Model was first trained without any pruning to establish a baseline. It started with a loss of 2.162, after training for 50 epochs it was able to reach minimum loss of 1.530, giving 73% accuracy on test set.
Pruning was done with a random approach. 5 random epochs were selected where unstructured pruning was performed, removing 20% of the convolutional weigths and 40% of the fully connected weights.
Model started with a loss of 2.164, after running for 50 epochs it showed a minimum loss of 1.520. This model converged faster than the non-pruned model.
To start pruning just uncomment the below given snippet in the training loop
if epoch in pruning_epochs:
prune_model(net)
print("pruning....")
Initial training pace of the model with pruning was similar to the unpruned model, but after the first pruning step was applied to the model it was able to reach a lower loss faster than unpruned model. Although, once the pruning step was applied there was a spike in loss and the model had to re-learn to make up for the lost weights.
The pruning approach gave a model with similar accuracy with increased sparsity and faster convergence.

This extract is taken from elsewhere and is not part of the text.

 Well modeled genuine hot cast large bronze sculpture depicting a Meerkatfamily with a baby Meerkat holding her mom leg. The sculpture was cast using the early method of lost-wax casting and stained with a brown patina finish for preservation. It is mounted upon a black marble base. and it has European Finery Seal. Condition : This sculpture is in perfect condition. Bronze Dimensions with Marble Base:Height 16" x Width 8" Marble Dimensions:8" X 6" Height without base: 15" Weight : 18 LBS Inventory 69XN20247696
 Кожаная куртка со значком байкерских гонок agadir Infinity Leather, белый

Across all four datasets, our pruning method resulted in a slight improvement in model performance and decreased the time to converge. This shows that our pruning method can result in improved model performance and training speed across a wide variety of model structures and data types.
We also identified important hyperparameters for our pruning method. Firstly, the efficacy of our pruning method depends a lot on the type of pruning done during each pruning step. Secondly, our pruning method also depends greatly on the selected timings of the pruning steps. Sucessfully using our pruning method is likely to require multiple iterations to attempt to find optimal values of these hyperparameters for a given model structure and data type. Further research may be useful in determining whether there are certain hyperparameter values which are much more likely to result in higher performance than otherwise.

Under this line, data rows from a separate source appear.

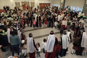 Families, together with their little ones, immersed themselves in a world of creativity, indulging in activities like coloring, bracelet making, playing “Pin the Bowtie on the Gingerbread,” painting, and dancing. The face painting booth was a favorite, while two charming Gingerbread mascots strolled around, capturing smiles, and creating cherished memories. DJ Sarkeys filled the hall with the sounds of Christmas and lively dance tunes, keeping spirits bright.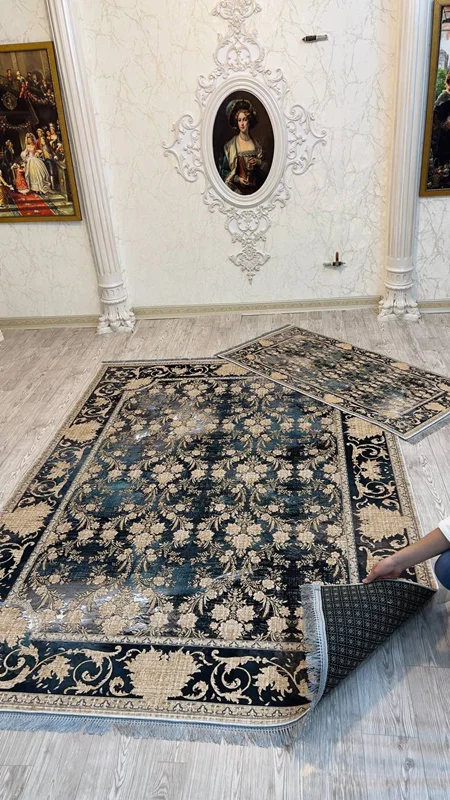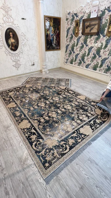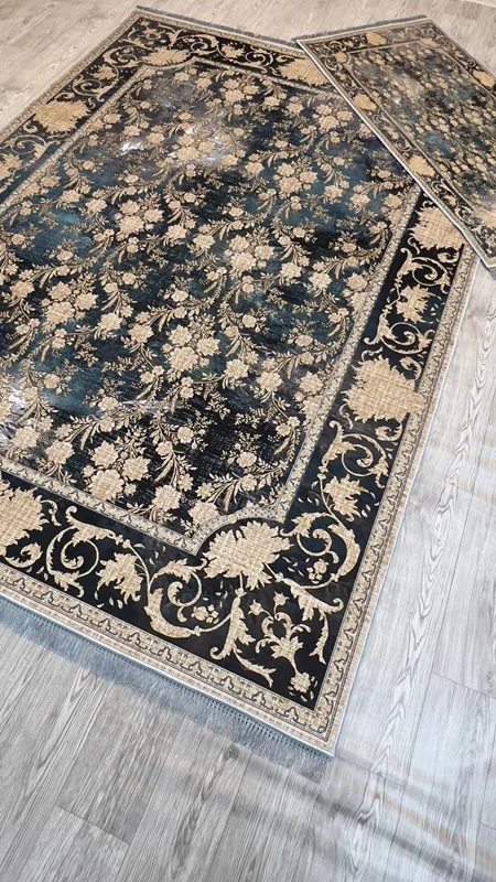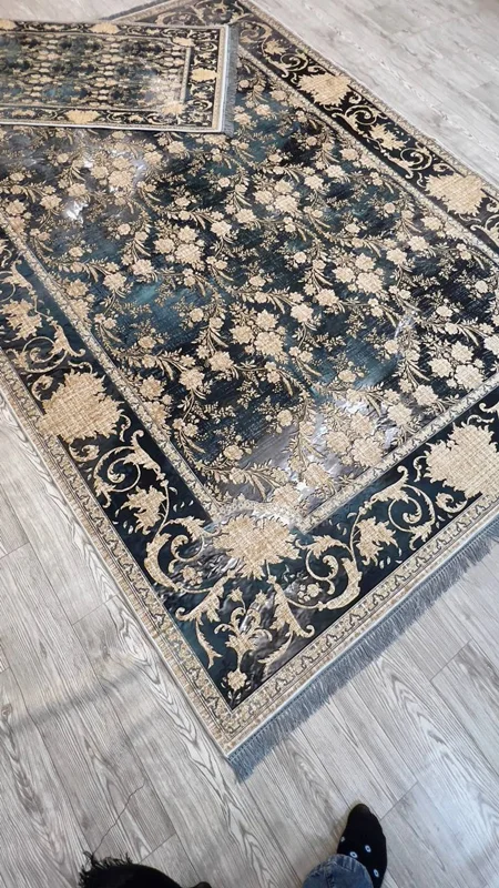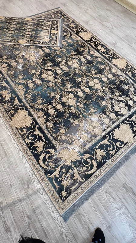 فرشینه استپ دار ۳ لایه ریشه دار (فرش لایت) کیفیت عالی با طرح فوق العاده رنگ سبز سلطنتی ترکیب کرم طلایی و مشکی کد fh1960 (با فیلم)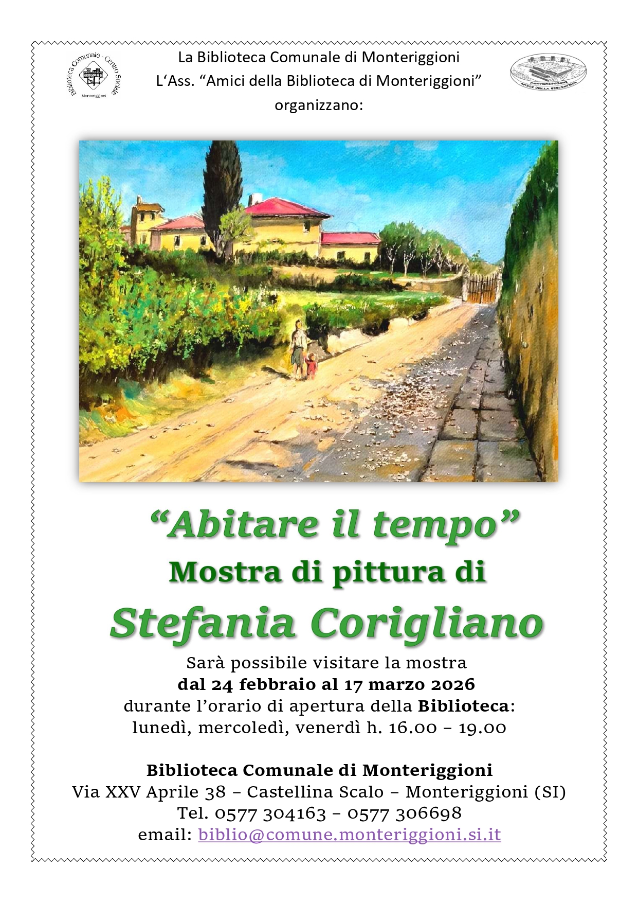 Dal 24 febbraio al 17 marzo sarà possibile visitare presso la Biblioteca Comunale di Monteriggioni, in Via XXV Aprile 38 a Castellina Scalo, durante l’orario di apertura, la mostra di pittura di Stefania Corigliano dal titolo: “Abitare il tempo”.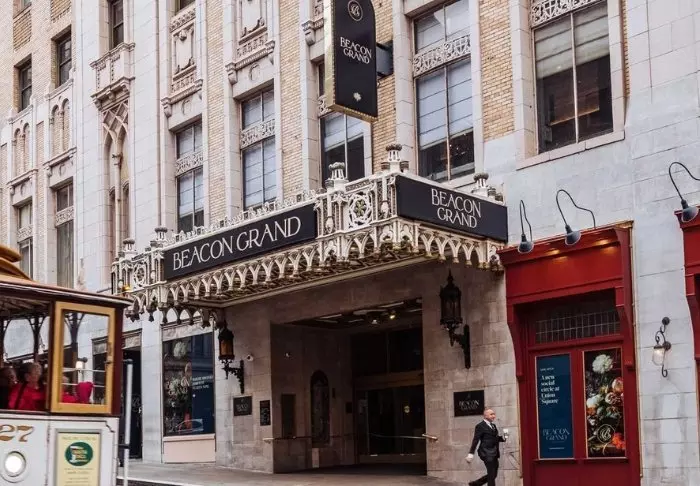 Du hittar det eleganta och historiska Beacon Grand Hotel vid Union Square mitt i hjärtat av San Francisco. Precis utanför dörren hittar du allt, såsom shopping, matställen och kaféer, samt de vackra gamla linbanorna Hyde-Powell och Hyde-Mason, som vänder i slutet av gatan. På Union Square hittar du också en av hållplatserna för de populära ”Hop-On Hop-Off”-bussarna, så läget kan inte bli mycket bättre.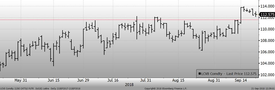 Selon l’USDA, les abattages étaient de 437 000 têtes hier ce qui amène le total pour la semaine à 1.709 million de têtes, en baisse de 40 000 têtes par rapport à la semaine précédente et d’une baisse de 108 000 têtes versus 2017, principalement à cause des fermetures d’abattoirs de l’ouragan Florence. La pression sur les prix reprendra lorsque les abattoirs rependront leur rythme habituel, ce qui pourrait ralentir la progression du prix cash à mesure que l’offre augmente à court terme.

[1] Frankle, J., & Carbin, M. (2019). The Lottery Ticket Hypothesis: Finding Sparse, Trainable Neural Networks. arXiv: Learning.
[2] Frankle, J., Dziugaite, G.K., Roy, D.M., & Carbin, M. (2021). Pruning Neural Networks at Initialization: Why are We Missing the Mark? ArXiv, abs/2009.08576.
[3] Tanaka, H., Kunin, D., Yamins, D.L., & Ganguli, S. (2020). Pruning neural networks without any data by iteratively conserving synaptic flow. ArXiv, abs/2006.05467.
[4] Davis Blalock, Jose Javier Gonzalez Ortiz, Jonathan Frankle, and John Guttag. (2020). What is the State of Neural Network Pruning? ArXiv, abs/2003.03033.